# [Source information]
┌──

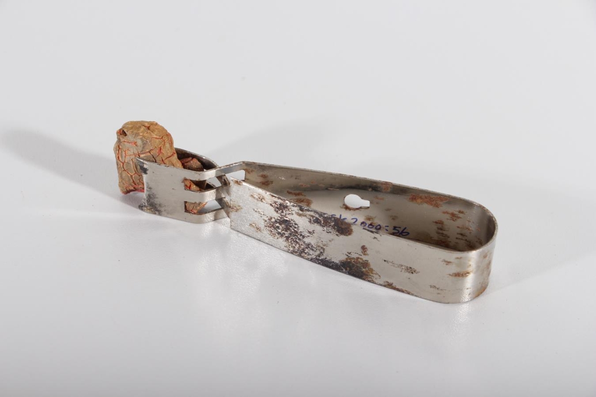 Bréfalakktöng úr pjátri, slaufulaga og grípa gaflar á enda lakkið. Lengd 11,6 cm. Smálakkmoli er í tönginni, einu sinni rauður en orðinn ljósbrúnn að utan vegna hitunar og elli. Breidd tangar er um 2 cm. Gat er á til að hengja hana á vegg. Frá J. Valgarð Blöndal (1902-1965) sparisjóðsstjóra á Sauðárkróki. Gefandi er sonur hans, Árni Blöndal, fyrrverandi kaupmaður á Sauðárkróki.
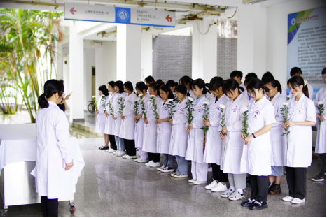 參加活動的師生集體行默哀禮,感恩無言良師,隨后大家向大體老師鞠躬并敬獻鮮花,表達敬意與追思。
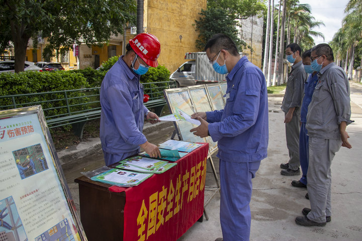 宣傳人員在廠部福利區(qū)擺放“全民應急避險與自救”、“危險源辨識與傷害預防”主題宣傳展板,走進辦公場所為過往員工和群眾詳細講解安全生產法律法規(guī),普及應急避險自救、疫情防控科普知識,對“安全生產月”重要意義進行全方位、多角度、立體化的集中宣傳?;顒又泄舶l(fā)放宣傳資料400余份。
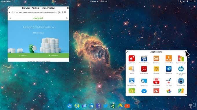En este momento, la interfaz de usuario de Leena Desktop(Leena Desktop UI) todavía está en forma beta, pero ya parece increíblemente prometedora. Leena es, de hecho, solo una aplicación de Android(Android app) , pero ha sido inteligentemente escrita para brindarle gran parte de la funcionalidad principal(core functionality) que obtendría de una interfaz de usuario de escritorio real para su teléfono.
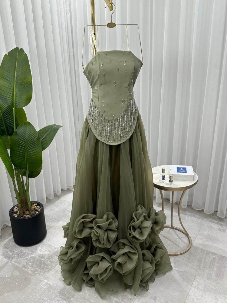 فستان سهرة خامة باربي واورجنزا تطريز احترافي
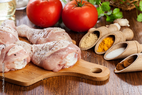 chicken, raw, meat, leg, board, uncooked, food, cooking, table, pepper, ingredient, background, fresh, wooden, coriander, turmeric, ginger, salt, spice, white, cutting, preparation, meal, garlic, thigh, poultry, nobody
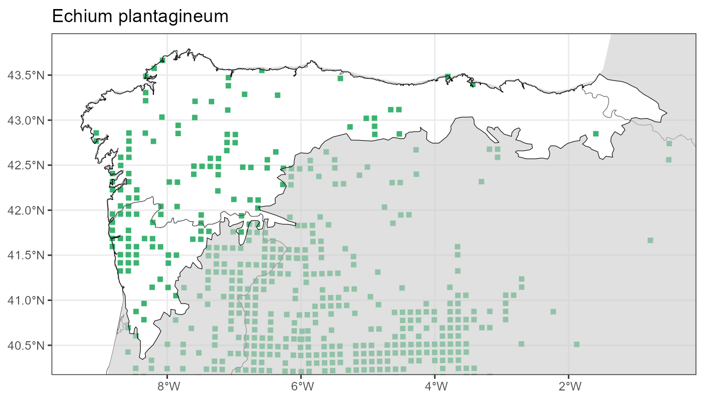 Localities (10 x 10 km) where the species has been recorded in the context of the study area. The complete distribution of the species in the Iberian Peninsula can be found in AFLIBER.
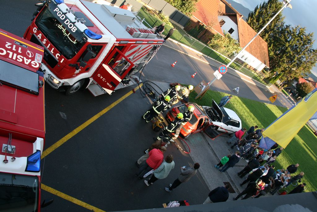 V petek 27. oktobra se je na cesti 7. avgusta v Dobu pri Domžalah ob 16. uri in 31 minut zgodila prometna nesreča v kateri sta bila udeležena voznica in mlajši voznik, ki je vozil vozilo brez izpita. Voznica je pravilno peljala po svojem voznem pasu iz smeri centra Doba proti glavni cesti, ko je nasproti s preveliko hitrostjo pripeljal voznik z vozilom za katerega ni imel ne dovoljenja za vožnjo ne izpita. Zaradi neizkušenosti se trčenju ni mogel izogniti. Ob trku se je vozilo voznice vnelo. Ker je bilo udeleženih več vozil so k reševanju poklicali tako gasilce PGD Dob kot CZR Domžale. Hitremu posredovanju gre zahvala, da ni bilo hujših poškodb in, da sta ponesrečenca po ogledu nesreče s strani policije odšla v domačo oskrbo.
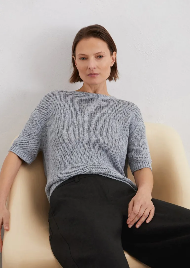 Kurzarm-Pullover loose aus Organic Cotton-Mix in blau
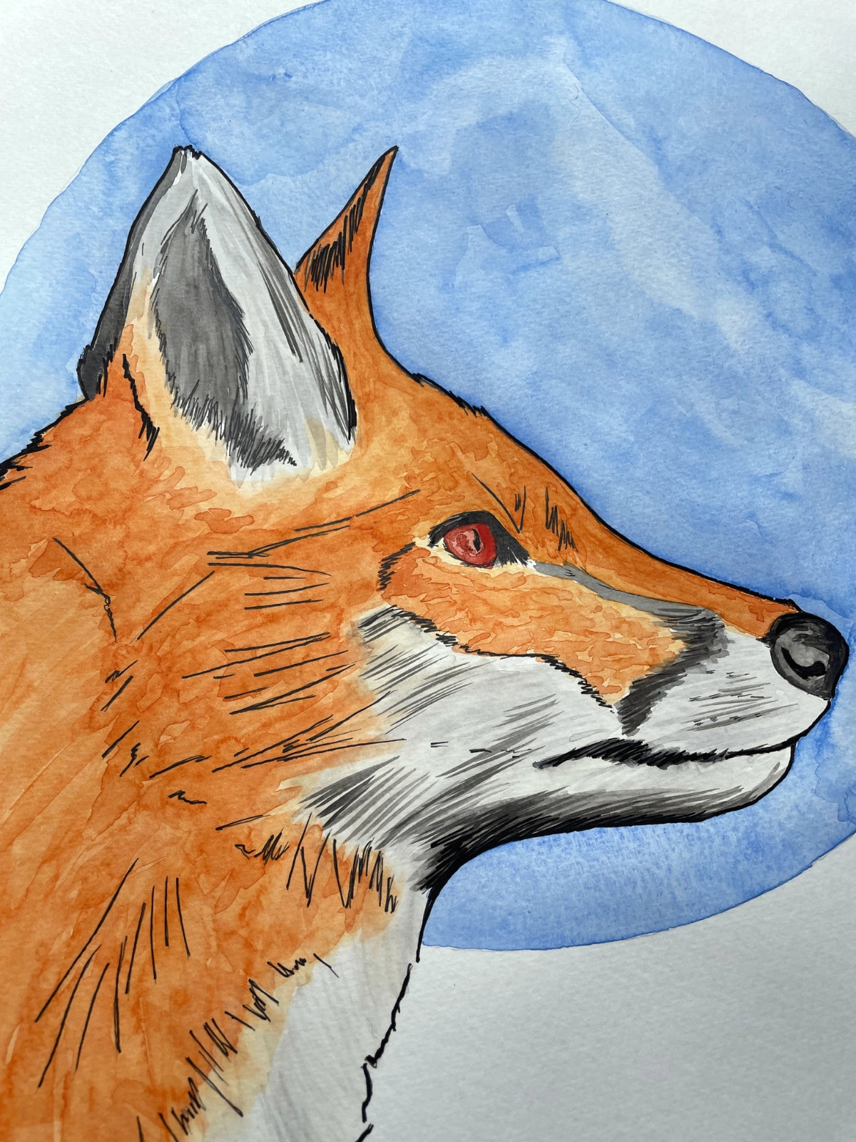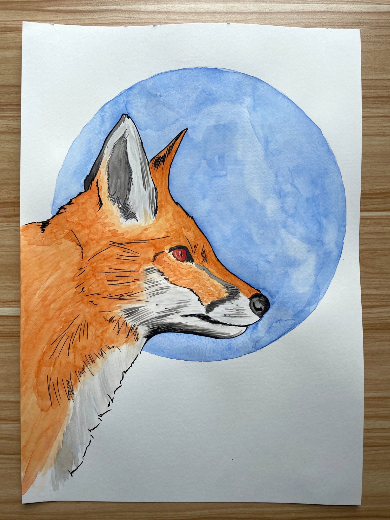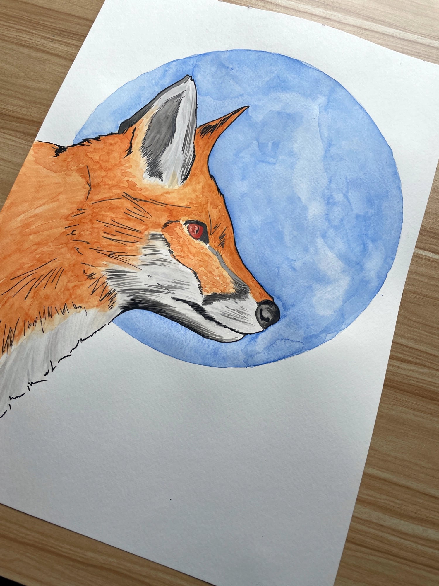 🦊 Fox with Blue Sun – A3 Original Watercolour
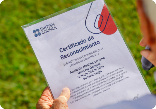 El British Council otorgó al Colegio Bilingüe Divino Niño un reconocimiento especial por su compromiso con la implementación de programas internacionales y por los logros alcanzados en la formación académica y bilingüe de nuestros estudiantes.
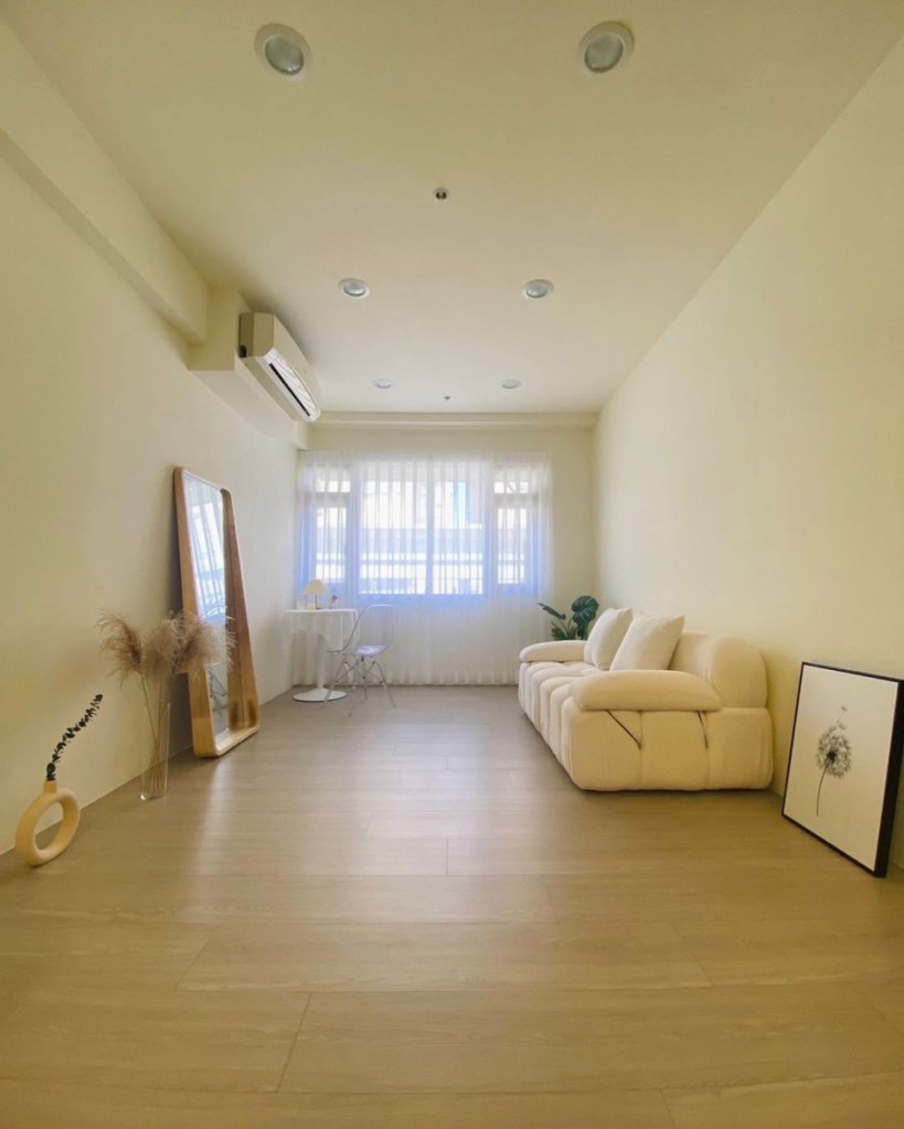 坪數25坪,每小時$500起,除一般背景捲軸,另有莫蘭迪色實景牆、藤色居家實景,WILL是一個溫馨又Cozy的可愛空間。
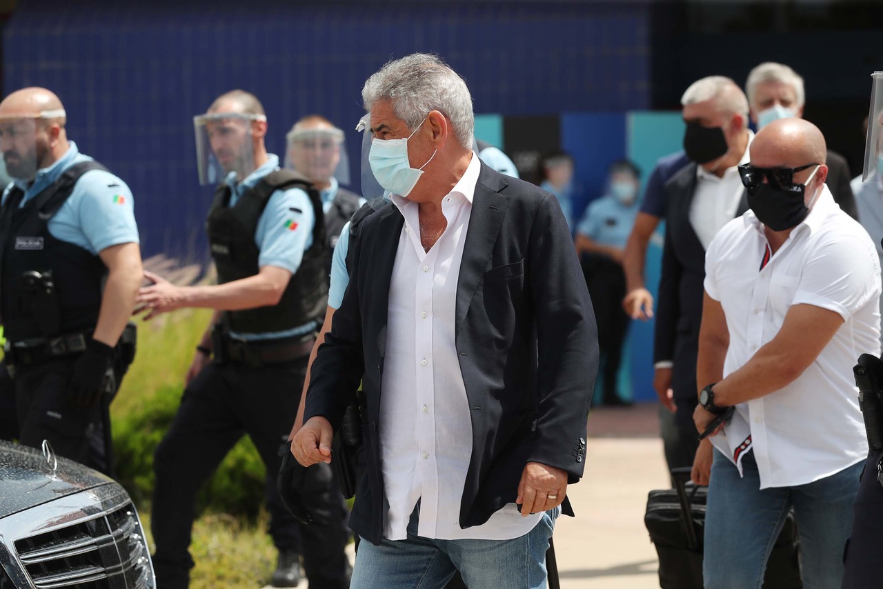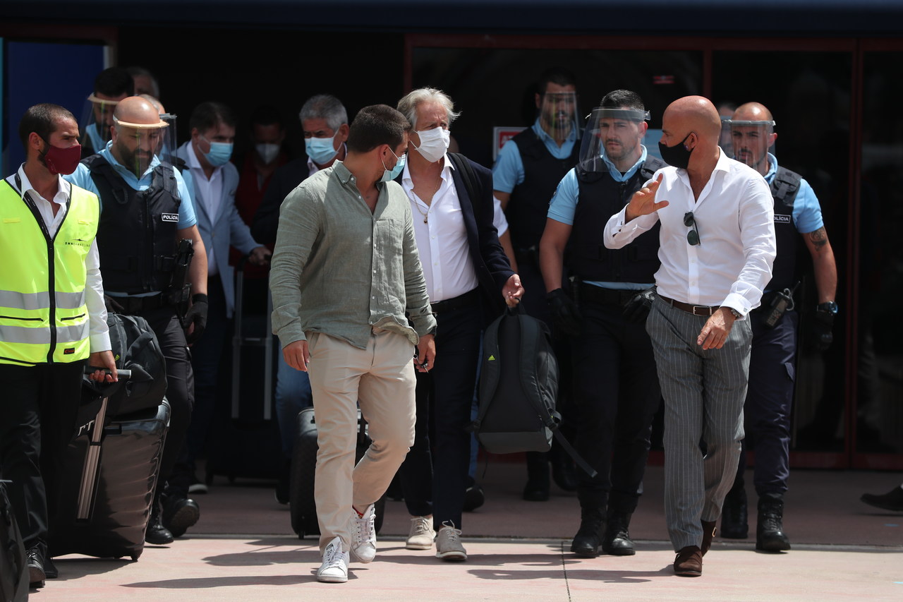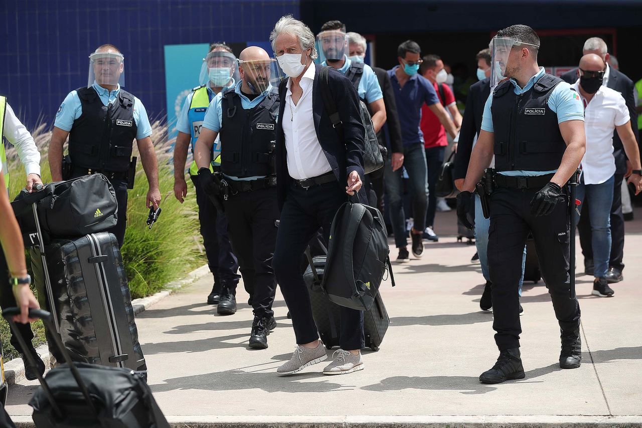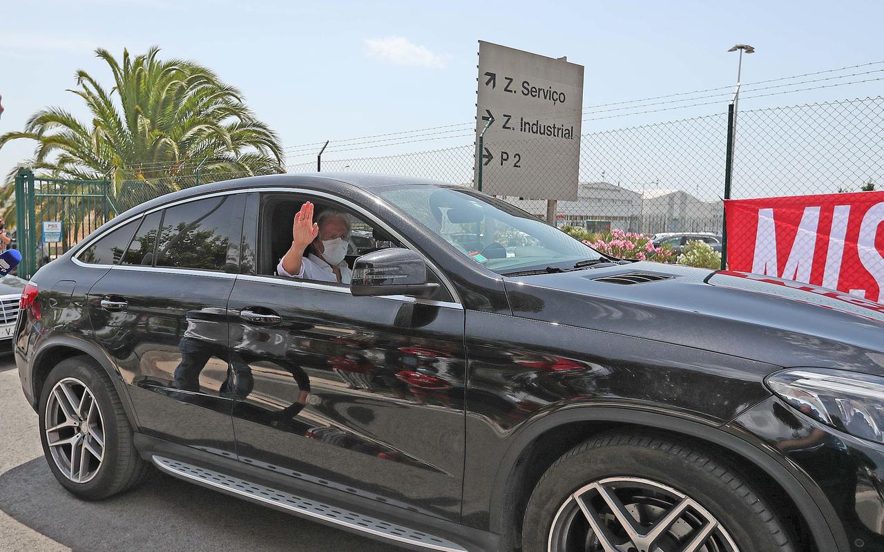 Jorge Jesus, novo treinador do Benfica, em primeiro plano à saída do Aeródromo de Tires

└──

# [Exercise directions]
Make an exact copy of the lines above, beginning with the line with "En este momento, la" and ending with the line with "فستان سهرة خامة باربي واورجنزا تطريز احترافي", and keep the pictures out of it.

# [Exercise answer]
En este momento, la interfaz de usuario de Leena Desktop(Leena Desktop UI) todavía está en forma beta, pero ya parece increíblemente prometedora. Leena es, de hecho, solo una aplicación de Android(Android app) , pero ha sido inteligentemente escrita para brindarle gran parte de la funcionalidad principal(core functionality) que obtendría de una interfaz de usuario de escritorio real para su teléfono.
 فستان سهرة خامة باربي واورجنزا تطريز احترافي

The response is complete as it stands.